YOUR GOAL: Start at the line below containing "Das Design dieses" and stop at the line containing "Глава муниципального района". Repeat every line of that stretch exactly, and nothing outside it.

Data entries

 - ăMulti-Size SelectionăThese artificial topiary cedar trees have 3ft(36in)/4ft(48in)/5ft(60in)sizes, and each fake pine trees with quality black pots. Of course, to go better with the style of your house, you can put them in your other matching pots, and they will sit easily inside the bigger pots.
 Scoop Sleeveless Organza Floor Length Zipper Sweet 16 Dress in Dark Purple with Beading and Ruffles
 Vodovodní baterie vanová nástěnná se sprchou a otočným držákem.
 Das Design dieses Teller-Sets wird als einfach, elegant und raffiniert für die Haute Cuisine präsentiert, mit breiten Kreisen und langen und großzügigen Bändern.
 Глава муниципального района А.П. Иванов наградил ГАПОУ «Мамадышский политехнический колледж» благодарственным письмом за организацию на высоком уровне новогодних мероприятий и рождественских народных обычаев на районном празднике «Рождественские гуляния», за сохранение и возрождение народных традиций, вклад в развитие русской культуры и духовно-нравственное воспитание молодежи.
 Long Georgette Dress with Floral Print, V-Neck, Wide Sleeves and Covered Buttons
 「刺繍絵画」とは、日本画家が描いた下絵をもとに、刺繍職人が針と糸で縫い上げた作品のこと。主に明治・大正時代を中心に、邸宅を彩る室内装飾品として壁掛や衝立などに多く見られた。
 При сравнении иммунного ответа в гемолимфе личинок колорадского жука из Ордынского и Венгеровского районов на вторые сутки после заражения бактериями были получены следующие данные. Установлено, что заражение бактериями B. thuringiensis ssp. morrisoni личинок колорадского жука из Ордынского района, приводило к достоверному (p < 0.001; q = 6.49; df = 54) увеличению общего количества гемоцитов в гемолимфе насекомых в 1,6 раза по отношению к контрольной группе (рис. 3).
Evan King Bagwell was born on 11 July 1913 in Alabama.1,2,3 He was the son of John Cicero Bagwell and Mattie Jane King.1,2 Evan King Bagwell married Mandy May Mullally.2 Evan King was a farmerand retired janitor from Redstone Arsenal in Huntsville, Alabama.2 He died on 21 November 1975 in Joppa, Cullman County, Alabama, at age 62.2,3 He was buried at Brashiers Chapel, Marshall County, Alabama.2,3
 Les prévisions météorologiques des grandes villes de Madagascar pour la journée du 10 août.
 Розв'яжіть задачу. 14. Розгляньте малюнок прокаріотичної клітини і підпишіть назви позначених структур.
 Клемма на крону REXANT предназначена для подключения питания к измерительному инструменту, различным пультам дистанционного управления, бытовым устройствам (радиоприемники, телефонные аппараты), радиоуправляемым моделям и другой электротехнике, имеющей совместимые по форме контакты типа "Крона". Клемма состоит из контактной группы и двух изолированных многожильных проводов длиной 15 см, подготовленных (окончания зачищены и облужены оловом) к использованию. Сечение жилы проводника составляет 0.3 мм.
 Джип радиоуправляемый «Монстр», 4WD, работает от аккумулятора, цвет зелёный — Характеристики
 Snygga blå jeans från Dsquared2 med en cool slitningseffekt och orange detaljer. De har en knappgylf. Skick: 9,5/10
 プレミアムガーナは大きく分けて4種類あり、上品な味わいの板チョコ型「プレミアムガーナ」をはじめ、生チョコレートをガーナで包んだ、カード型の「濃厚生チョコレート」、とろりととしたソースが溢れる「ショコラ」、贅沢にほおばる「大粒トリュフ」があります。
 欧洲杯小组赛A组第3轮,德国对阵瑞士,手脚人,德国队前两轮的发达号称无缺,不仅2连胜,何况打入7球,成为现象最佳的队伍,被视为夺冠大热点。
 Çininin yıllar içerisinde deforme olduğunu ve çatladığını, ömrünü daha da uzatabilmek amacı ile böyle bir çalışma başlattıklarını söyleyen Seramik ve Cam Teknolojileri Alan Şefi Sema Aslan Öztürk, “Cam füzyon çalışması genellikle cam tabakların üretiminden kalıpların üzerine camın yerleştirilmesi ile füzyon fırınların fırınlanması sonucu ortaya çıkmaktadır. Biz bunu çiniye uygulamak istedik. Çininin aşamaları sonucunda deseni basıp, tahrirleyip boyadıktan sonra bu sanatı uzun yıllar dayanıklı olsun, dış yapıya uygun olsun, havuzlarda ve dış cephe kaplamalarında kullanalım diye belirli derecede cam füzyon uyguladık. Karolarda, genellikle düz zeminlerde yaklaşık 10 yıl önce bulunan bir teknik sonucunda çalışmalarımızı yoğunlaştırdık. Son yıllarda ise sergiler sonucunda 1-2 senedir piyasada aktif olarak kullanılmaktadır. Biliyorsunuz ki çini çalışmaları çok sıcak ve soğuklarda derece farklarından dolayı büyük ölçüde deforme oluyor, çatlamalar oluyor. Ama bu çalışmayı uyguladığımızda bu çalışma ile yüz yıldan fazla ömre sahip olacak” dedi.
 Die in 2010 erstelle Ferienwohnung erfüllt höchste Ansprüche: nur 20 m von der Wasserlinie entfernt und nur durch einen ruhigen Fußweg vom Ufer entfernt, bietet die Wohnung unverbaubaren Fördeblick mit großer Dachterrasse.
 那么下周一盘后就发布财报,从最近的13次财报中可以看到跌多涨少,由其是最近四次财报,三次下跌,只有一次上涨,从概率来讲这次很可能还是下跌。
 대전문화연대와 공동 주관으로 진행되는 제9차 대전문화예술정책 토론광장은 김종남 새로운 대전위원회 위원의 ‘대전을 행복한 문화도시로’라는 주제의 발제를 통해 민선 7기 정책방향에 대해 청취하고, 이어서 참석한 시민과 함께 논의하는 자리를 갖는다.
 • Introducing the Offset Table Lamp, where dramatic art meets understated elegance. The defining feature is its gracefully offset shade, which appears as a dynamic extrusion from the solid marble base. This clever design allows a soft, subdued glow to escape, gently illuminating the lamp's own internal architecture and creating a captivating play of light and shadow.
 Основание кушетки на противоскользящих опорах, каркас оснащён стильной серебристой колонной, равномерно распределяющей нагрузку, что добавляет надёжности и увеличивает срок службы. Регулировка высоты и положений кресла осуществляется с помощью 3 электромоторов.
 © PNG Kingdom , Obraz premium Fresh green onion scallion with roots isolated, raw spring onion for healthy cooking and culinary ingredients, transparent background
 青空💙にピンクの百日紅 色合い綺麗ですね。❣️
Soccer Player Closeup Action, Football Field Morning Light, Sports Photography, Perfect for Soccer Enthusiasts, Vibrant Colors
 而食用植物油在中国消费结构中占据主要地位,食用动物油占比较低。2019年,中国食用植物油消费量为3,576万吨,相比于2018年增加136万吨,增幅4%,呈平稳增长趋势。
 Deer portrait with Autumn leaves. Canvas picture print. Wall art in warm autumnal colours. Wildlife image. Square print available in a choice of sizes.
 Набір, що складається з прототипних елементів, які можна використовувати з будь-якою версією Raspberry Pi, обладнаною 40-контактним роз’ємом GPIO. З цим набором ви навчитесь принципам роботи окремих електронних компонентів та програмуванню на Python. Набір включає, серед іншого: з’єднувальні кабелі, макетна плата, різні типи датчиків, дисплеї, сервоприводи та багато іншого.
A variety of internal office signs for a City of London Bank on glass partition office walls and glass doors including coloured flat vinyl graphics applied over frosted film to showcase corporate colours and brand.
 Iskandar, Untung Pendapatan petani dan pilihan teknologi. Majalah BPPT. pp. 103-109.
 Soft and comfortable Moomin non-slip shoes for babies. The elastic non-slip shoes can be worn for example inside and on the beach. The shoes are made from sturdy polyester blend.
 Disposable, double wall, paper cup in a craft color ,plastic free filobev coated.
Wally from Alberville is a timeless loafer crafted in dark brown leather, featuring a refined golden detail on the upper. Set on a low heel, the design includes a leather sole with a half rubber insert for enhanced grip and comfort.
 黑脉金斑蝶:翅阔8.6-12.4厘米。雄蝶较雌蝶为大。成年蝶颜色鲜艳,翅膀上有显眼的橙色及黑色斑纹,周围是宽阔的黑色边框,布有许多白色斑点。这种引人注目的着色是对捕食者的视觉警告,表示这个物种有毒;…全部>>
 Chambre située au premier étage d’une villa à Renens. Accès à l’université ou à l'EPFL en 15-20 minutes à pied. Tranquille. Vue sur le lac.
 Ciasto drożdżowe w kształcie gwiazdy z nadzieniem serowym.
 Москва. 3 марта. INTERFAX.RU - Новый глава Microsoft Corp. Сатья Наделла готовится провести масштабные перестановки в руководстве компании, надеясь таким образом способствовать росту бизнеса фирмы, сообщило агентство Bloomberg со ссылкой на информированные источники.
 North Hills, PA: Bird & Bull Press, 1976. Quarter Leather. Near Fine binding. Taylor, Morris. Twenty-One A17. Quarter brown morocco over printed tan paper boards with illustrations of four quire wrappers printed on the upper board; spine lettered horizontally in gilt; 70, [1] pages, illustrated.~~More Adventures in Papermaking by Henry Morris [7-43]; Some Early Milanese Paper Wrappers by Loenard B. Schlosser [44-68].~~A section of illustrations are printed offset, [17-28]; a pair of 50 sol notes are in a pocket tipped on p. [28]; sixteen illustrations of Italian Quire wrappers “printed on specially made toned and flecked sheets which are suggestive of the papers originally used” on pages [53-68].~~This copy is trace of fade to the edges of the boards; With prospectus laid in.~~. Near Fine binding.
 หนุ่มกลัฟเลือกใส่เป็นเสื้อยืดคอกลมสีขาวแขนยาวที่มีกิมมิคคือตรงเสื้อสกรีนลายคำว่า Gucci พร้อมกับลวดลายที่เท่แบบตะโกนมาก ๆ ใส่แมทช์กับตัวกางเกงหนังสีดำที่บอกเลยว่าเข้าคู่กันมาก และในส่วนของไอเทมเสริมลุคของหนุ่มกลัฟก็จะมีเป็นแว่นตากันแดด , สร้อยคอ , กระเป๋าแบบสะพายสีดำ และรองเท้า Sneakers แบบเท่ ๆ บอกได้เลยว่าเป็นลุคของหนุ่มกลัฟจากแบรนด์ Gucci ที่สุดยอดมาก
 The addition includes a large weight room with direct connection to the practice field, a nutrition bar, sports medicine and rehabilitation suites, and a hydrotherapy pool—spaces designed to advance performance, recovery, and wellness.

RESULT OF THIS TASK:
 Das Design dieses Teller-Sets wird als einfach, elegant und raffiniert für die Haute Cuisine präsentiert, mit breiten Kreisen und langen und großzügigen Bändern.
 Глава муниципального района А.П. Иванов наградил ГАПОУ «Мамадышский политехнический колледж» благодарственным письмом за организацию на высоком уровне новогодних мероприятий и рождественских народных обычаев на районном празднике «Рождественские гуляния», за сохранение и возрождение народных традиций, вклад в развитие русской культуры и духовно-нравственное воспитание молодежи.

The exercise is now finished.